The sustainability of value extraction as part of a business model varies with the evolution of the legal and regulatory environment, the power of affected stakeholders and the impact of social opinion and media. Even more important, in our view, is the ongoing effect of value extraction on a company’s corporate values and the risk that value extraction will erode the viability of the business model as a whole. Two questions have to be asked to assess the sustainability of value extraction:
- Can the company manage the potential cost of the legal and reputational risks generated by value extraction? Swiss banks, for example, misjudged the speed with which cash-strapped governments would decrease their tolerance of tax evasion. After being accused of abetting tax evasion, UBS had to hand over client names and was fined $780 million, while Credit Suisse Group AG recently pled guilty to helping Americans evade taxes and agreed to pay $2.6 billion in fines.
- Can the business model continue to survive the creeping neglect and erosion of its competitive advantage often caused by value extraction? It takes a significant change in strategy and organizational culture to get off the hook. At UBS, for example, the turnaround required to deal with the fallout from value extraction has resulted in repeated top executive turnover, as well as restructuring and downsizing.

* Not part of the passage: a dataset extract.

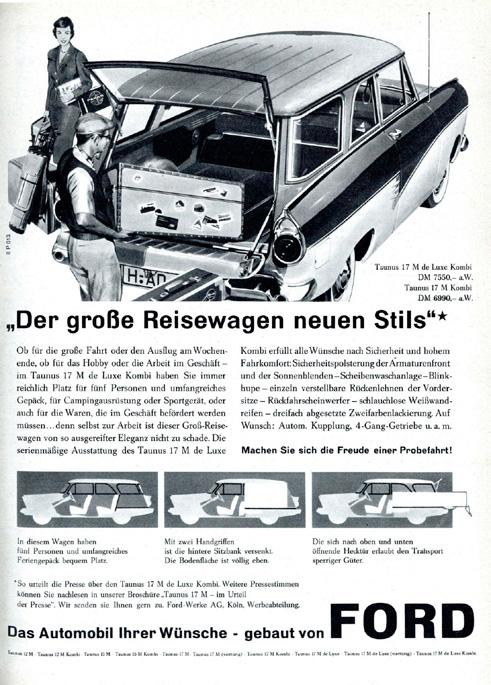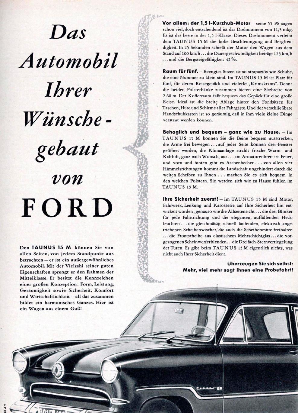 Campaña realizada en Auto Motor und Sport, una revista automovilística alemana de amplio alcance y aparición quincenal, que se publica desde 1946 y es producida por la editorial Motor Presse Stuttgart en Stuttgart. Durante 1956 el modelo que se promocionaba era el Taunus y aquí vemos a los modelos 15M y 17M.
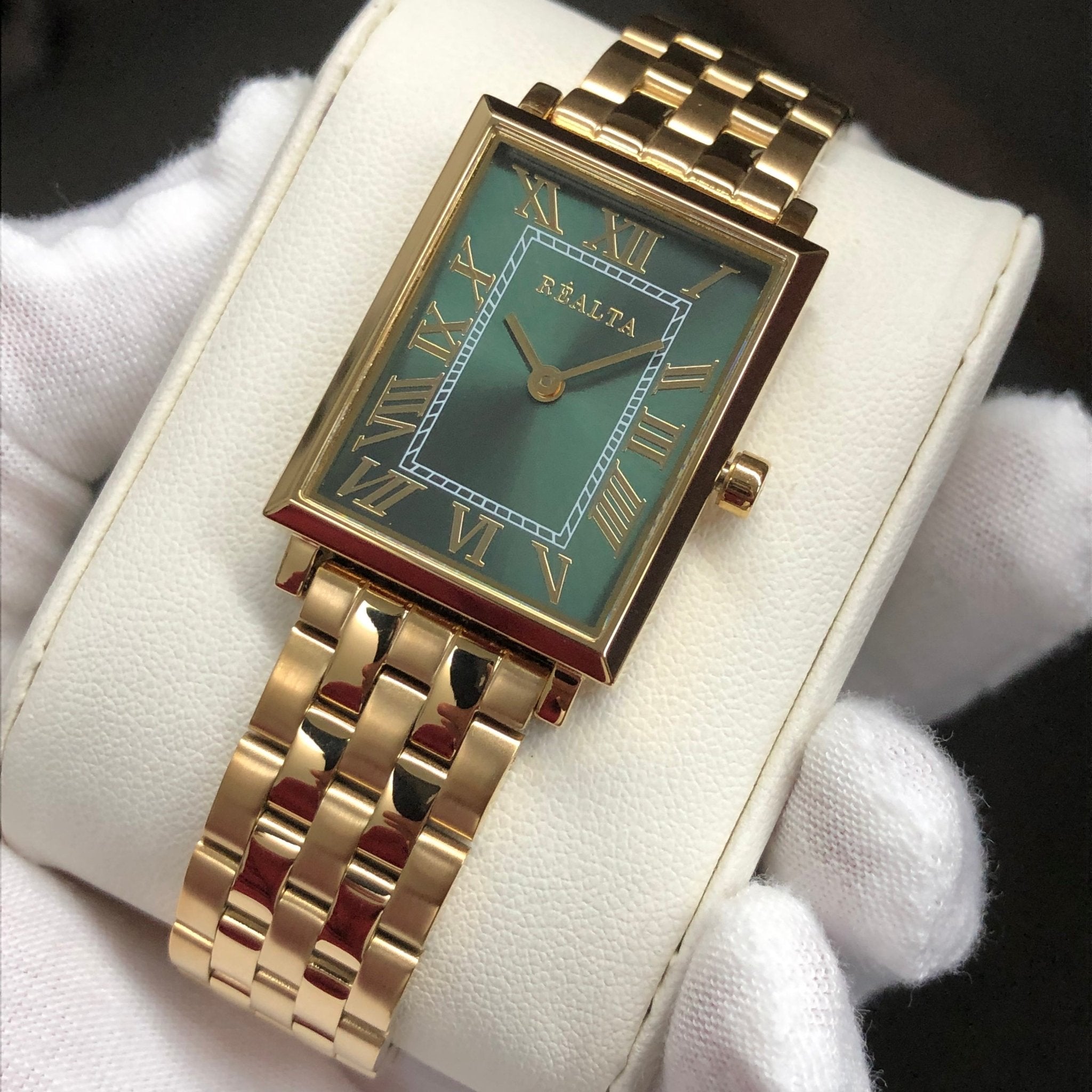 This timepiece is meticulously crafted from stainless steel with 18k gold plating, featuring a Miyota Japanese Quartz movement and Sapphire Glass.

Although value extraction is a widespread corporate practice, the societal backlash may be growing. A technology-driven trend toward more transparency and accountability, amplified by social media and nongovernmental organizations has affected consumers, employees and investors alike. The potential brand damage associated with value extraction is increasing, while the benefits are becoming more short term.
Even more important for longer-term viability, the board and management have to identify and avoid the threat to the competitiveness of the business model caused by the easier money from value extraction. The ultimate question for boards and top management is whether they want to be known for creating value — or merely siphoning it off from others.